### EXERCISE PROMPT
What you should give back is every line from the one containing "Genuine Moissanite Luxury" through the last line of the records below, word for word and without pictures.

### PROVIDED MATERIAL
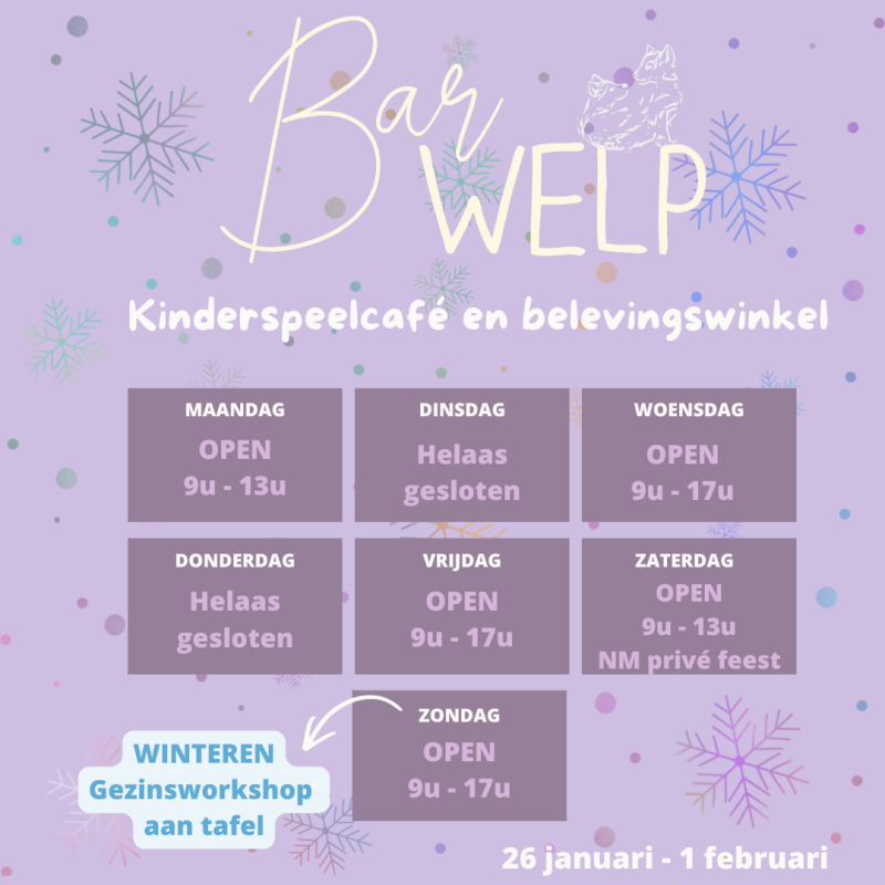 De winkel is steeds geopend gelijk met de speelagenda's, winkelen en een online bestelling afhalen kan ook na afspraak (info@barwelp.be / Whatsapp bericht: 0471728059.
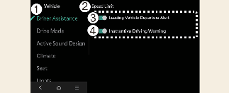 • Das Einstellungsmenü für die Warnung unaufmerksame Fahrweise wird nicht an Orten angezeigt, an denen die Warnung unaufmerksame Fahrweise immer aktiv ist.
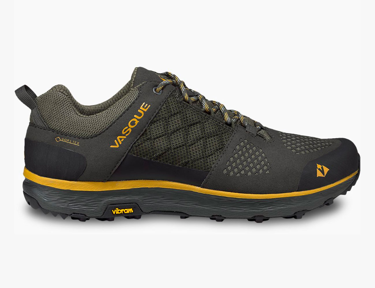 The Saga GTX builds upon the successes of Vasque’s best-selling Breeze III GTX. The new boot adds a lightweight and breathable double-engineered mesh upper and a Vibram MegaGrip sole that’s designed for walking over the most rugged terrain. Protection and support are amplified in the boot with a molded TPU toe cap and heel that has windows of ventilation so that the boot doesn’t get too warm (as waterproof hikers are wont to do). Vasque also used that sturdy TPU to create a lace yolk that extends from the ankle toward the tongue; it provides midfoot support and helps to keep the heel locked in.
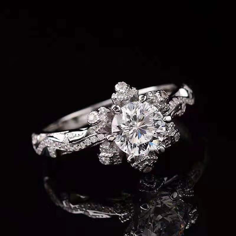 Genuine Moissanite Luxury Inlaid Romantic First Snow Diamond Ring D hearts and arrows 1carat Size13
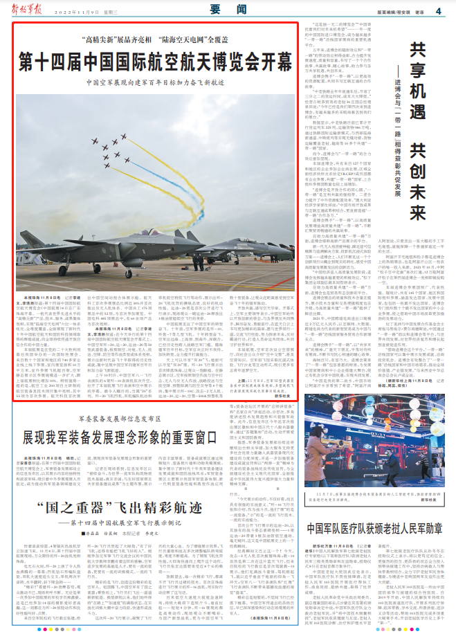 解放军报珠海11月8日电 记者李建文、李浩然报道:第十四届中国国际航空航天博览会(中国航展)8日在广东珠海开幕。一批代表世界先进水平的“高精尖新”产品、技术、服务、成果集体亮相,实现“陆海空天电网”六位一体系统化、全维度覆盖,全面展现了新时代十年中国航空航天和国防科技领域取得的辉煌成就,向全球持续传递开放自信合作的中国力量。

### SOLUTION TO THE PROBLEM
 Genuine Moissanite Luxury Inlaid Romantic First Snow Diamond Ring D hearts and arrows 1carat Size13
 解放军报珠海11月8日电 记者李建文、李浩然报道:第十四届中国国际航空航天博览会(中国航展)8日在广东珠海开幕。一批代表世界先进水平的“高精尖新”产品、技术、服务、成果集体亮相,实现“陆海空天电网”六位一体系统化、全维度覆盖,全面展现了新时代十年中国航空航天和国防科技领域取得的辉煌成就,向全球持续传递开放自信合作的中国力量。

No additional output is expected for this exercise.